By Andrew Grant
In Alfonso Cuarón’s new thriller Gravity, Sandra Bullock plays a reluctant astronaut who wants to complete her space walk to repair an instrument as quickly as possible. Her plans are foiled by a series of terrifying events that have surely crossed the minds of astronauts and space junkies. The stunning 3-D cinematography gives viewers the feeling of being in space and fuels the feeling of helplessness. Here are some challenges Bullock’s character faces (spoiler alert) and their likelihood of happening in reality, according to NASA experts.
Russia blew up its own satellite and created a tsunami of space junk! Possible, but…

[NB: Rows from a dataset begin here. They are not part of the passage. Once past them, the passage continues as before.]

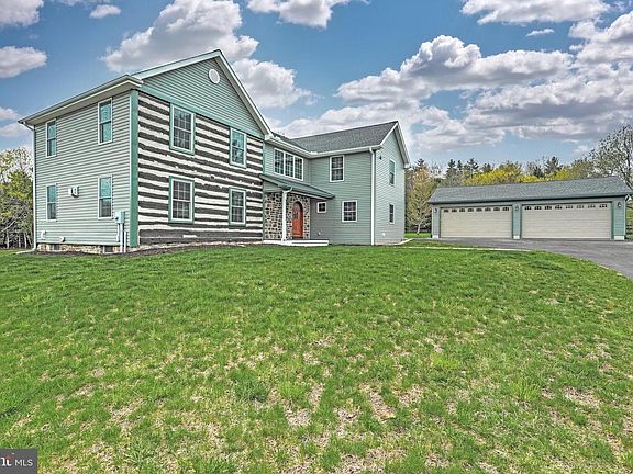 Exquisitely preserved two story log home with over 2,000 sq. ft. addition that reflects and expands the character of the original 1800 structure. If you want a completely new home but love the charm reminiscent of something older, this property is for you! From the moment you walk through the uniquely arched front door into the open stairway, family room/country kitchen you will be saying WOW! The kitchen/family room features new, white oak wood flooring, beautifully crafted cabinetry with granite counter tops, deep stainless farm sink and all new stainless appliances. Mud/laundry room off kitchen has everything you need. New washer and dryer, coat closet, pantry and entrance into the half bath. All with ceramic tile flooring. The separate living room features exposed logs, a parlor propane gas stove and carpet. When you ascend the open stairs you will notice the steps were created from the old floor joists and the oak railing was hand crafted. All of the wood trim in the house was created from the original wood flooring. The master bedroom also features exposed logs, double closets and a wonderful master bath with a subway tile shower, tile floors and a marble sink top. The other additional 3 bedrooms are each of a generous size and the entire second floor is carpeted. Don't forget to visit the great family room in the basement with all new engineered flooring. Check out the furnace and utility room. There is a lovely old fashioned porch that runs the entire length of the addition. Perfect for morning coffee or watching evening sunsets. The detached garage has a woodstove and plenty of space for your work bench.
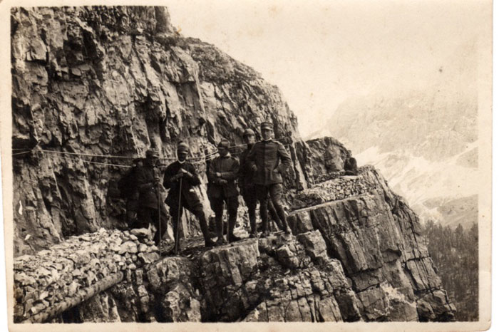 • 1914 : La première guerre mondiale donne une impulsion aux équipements. Nombre de cheminements audacieux sont alors aménagés pour faciliter le déplacement des troupes italiennes et autrichiennes qui s’affrontent pour la possession de sommets stratégiques du sud Tyrol. L’appellation Via Ferrata venait de naître.
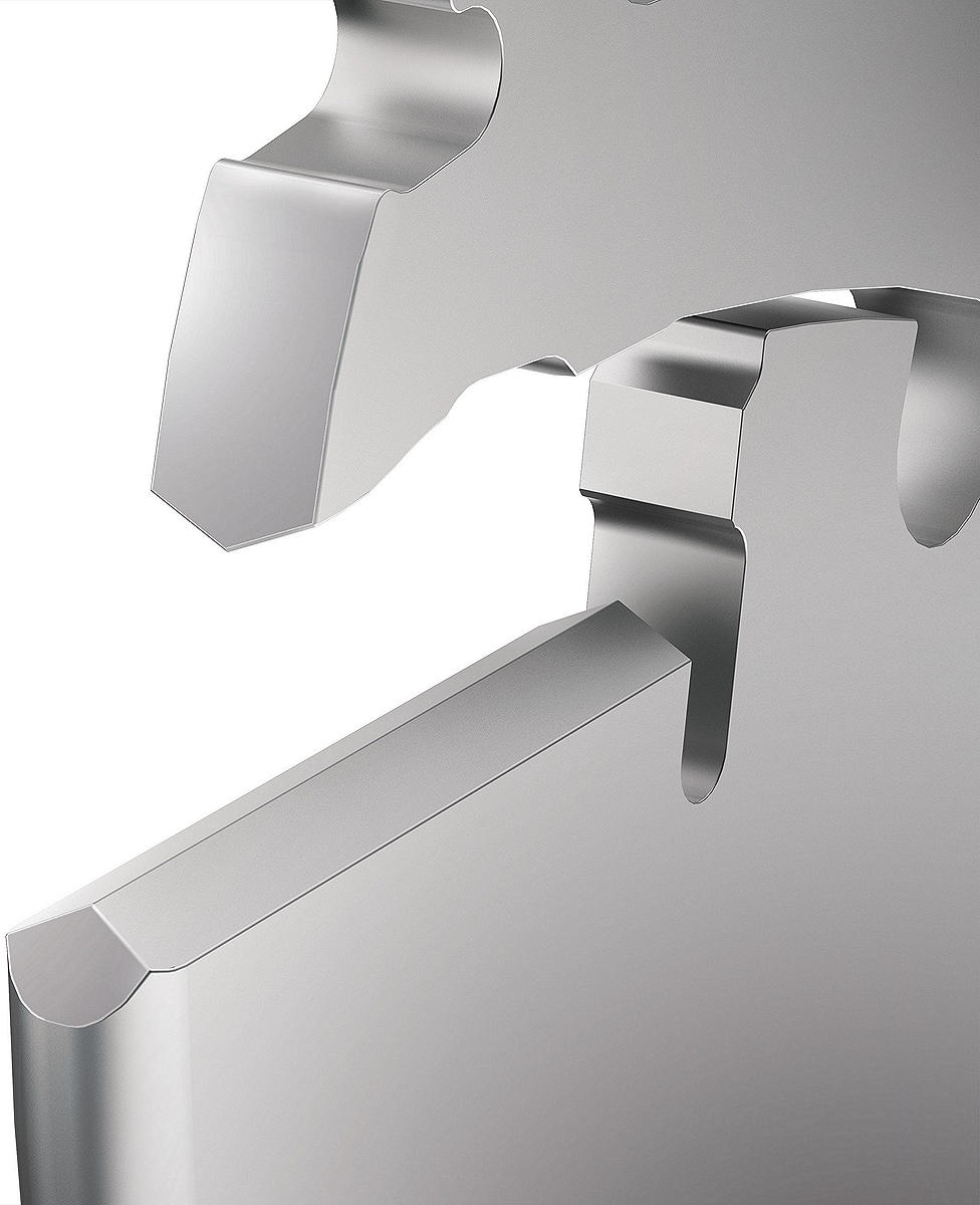 - Двойная V-образная геометрия пластины обеспечивает повышенную надежность крепления пластины в посадочном гнезде и минимизирует радиальное биение.
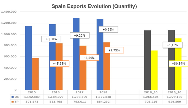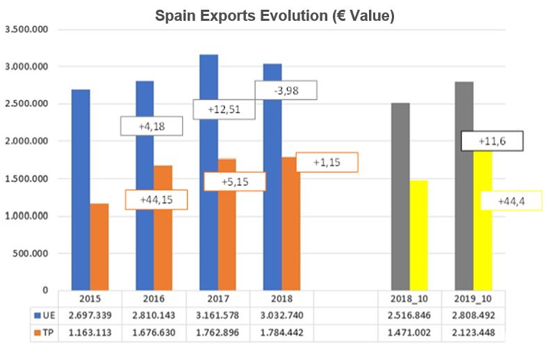 The following graphs show the evolution of exports since 2015 and the evolution of 2019 compared to 2018.

In 2007 China used a guided missile to destroy one of its aging weather satellites, creating hundreds of thousands of smaller pieces of space junk. But the danger the debris posed was to other satellites, not astronauts, says Mark Uhran, who retired last year as NASA’s director of the International Space Station. Most satellites are in geosynchronous orbits about 35,000 kilometers above Earth’s surface, well above the roughly 400-kilometer altitudes of the ISS and most manned flights. Lower space junk can present a threat; NASA does track hundreds of thousands of objects in this zone, and the station’s thrusters can change its orbit slightly to avoid collisions.